Make an exact copy of the records, with the pictures left out.

Collected data:
Segment Open

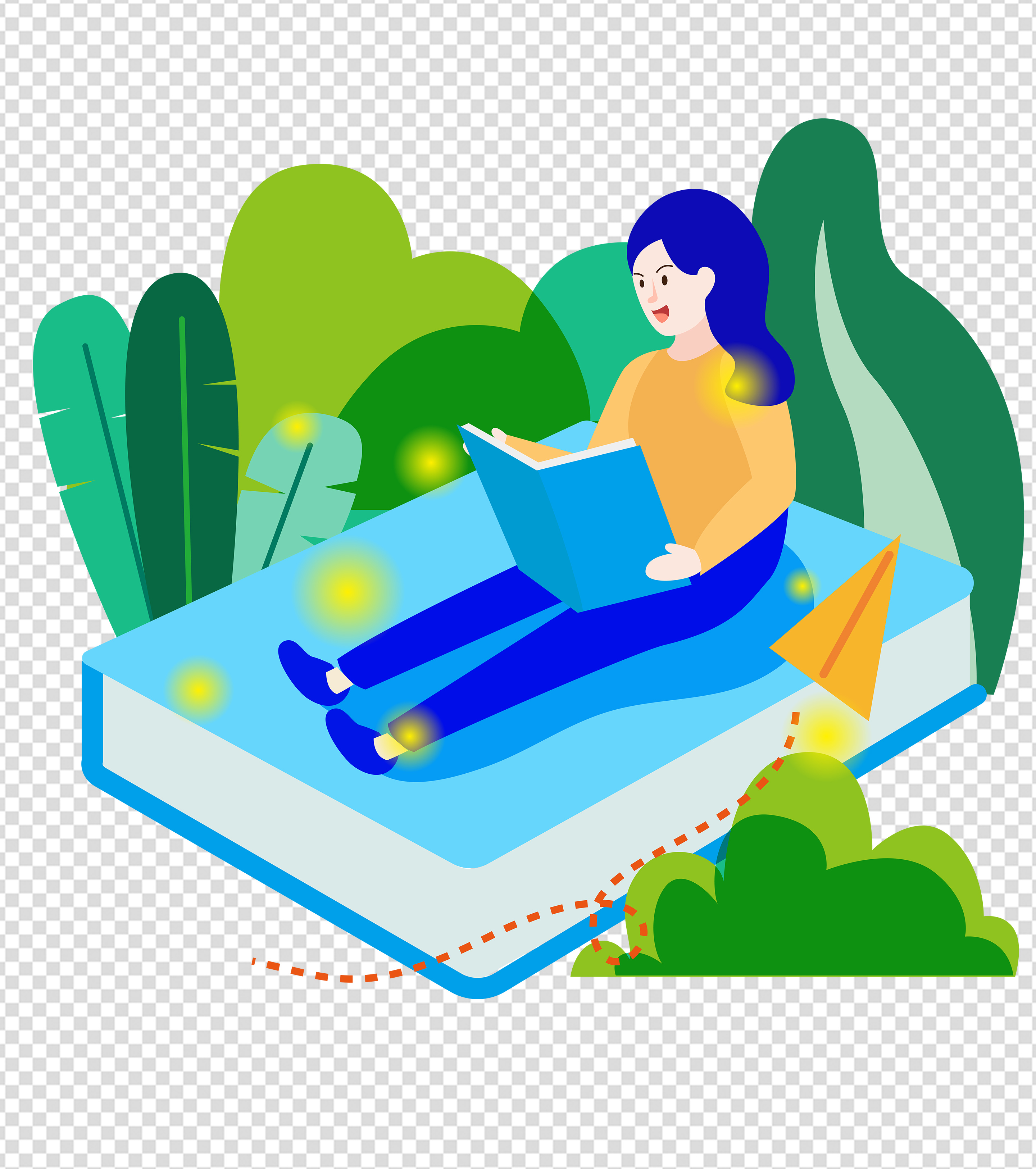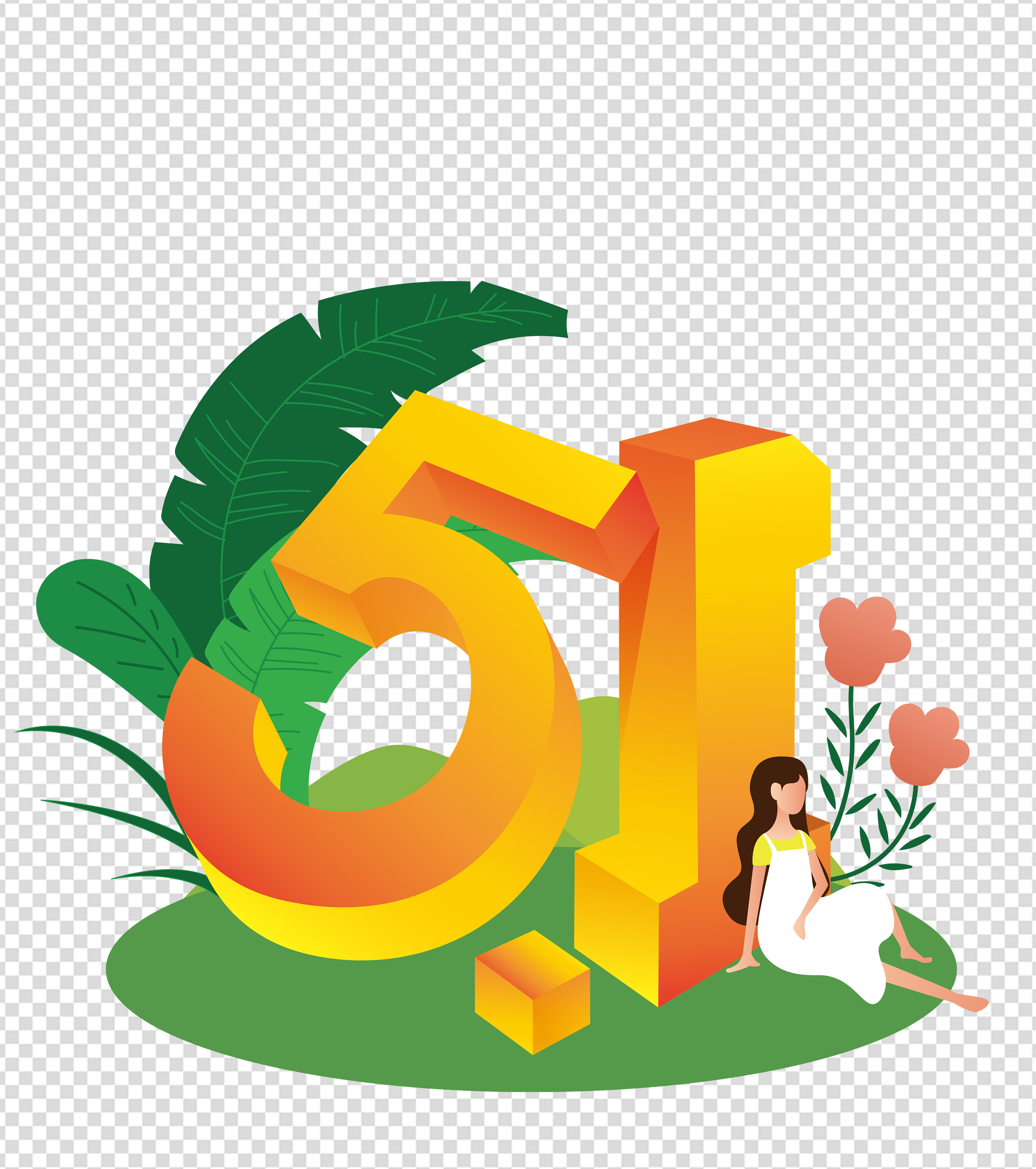 五一坐在草地上的女孩元素
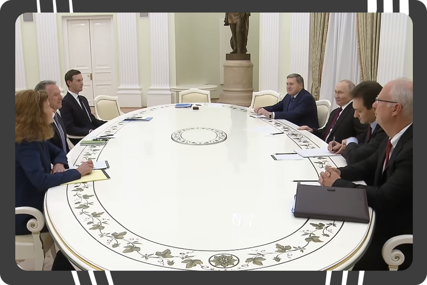 Переговоры длились пять часов. С американской стороны в них участвовали спецпосланник Трампа Стив Уиткофф и зять президента Джаред Кушнер, а с российской — президент Владимир Путин, его помощник Юрий Ушаков и глава РФПИ, спецпредставитель президента России по инвестиционно-экономическому сотрудничеству с зарубежными странами Кирилл Дмитриев.
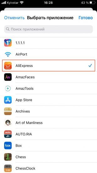 Отметьте вариант «Открыть приложение», затем снова тапните «Выбрать».
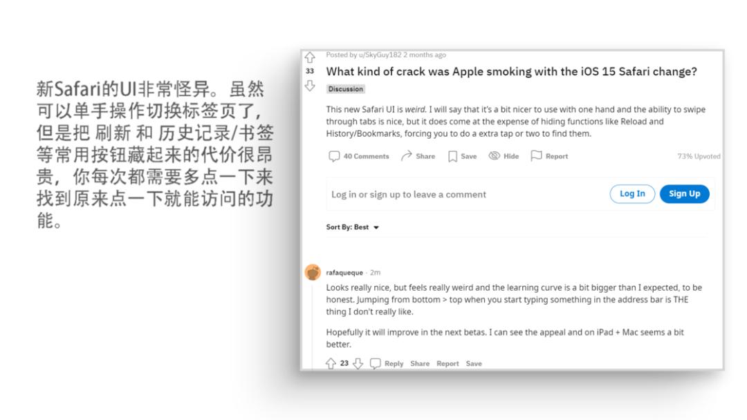 我没准备开始吐槽 Apple 清奇的设计思路,Reddit 上的 #iOS 15 Safari 标签下已经聚集了许多不满的声音。
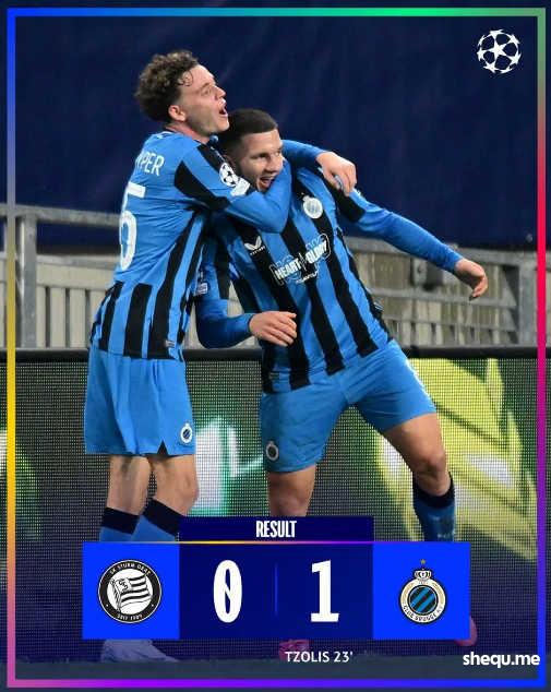 斯佐利斯23分钟世界波致胜,布鲁日两轮过后1胜1负。

Segment Closed

- Solution for this exercise
 五一坐在草地上的女孩元素
 Переговоры длились пять часов. С американской стороны в них участвовали спецпосланник Трампа Стив Уиткофф и зять президента Джаред Кушнер, а с российской — президент Владимир Путин, его помощник Юрий Ушаков и глава РФПИ, спецпредставитель президента России по инвестиционно-экономическому сотрудничеству с зарубежными странами Кирилл Дмитриев.
 Отметьте вариант «Открыть приложение», затем снова тапните «Выбрать».
 我没准备开始吐槽 Apple 清奇的设计思路,Reddit 上的 #iOS 15 Safari 标签下已经聚集了许多不满的声音。
 斯佐利斯23分钟世界波致胜,布鲁日两轮过后1胜1负。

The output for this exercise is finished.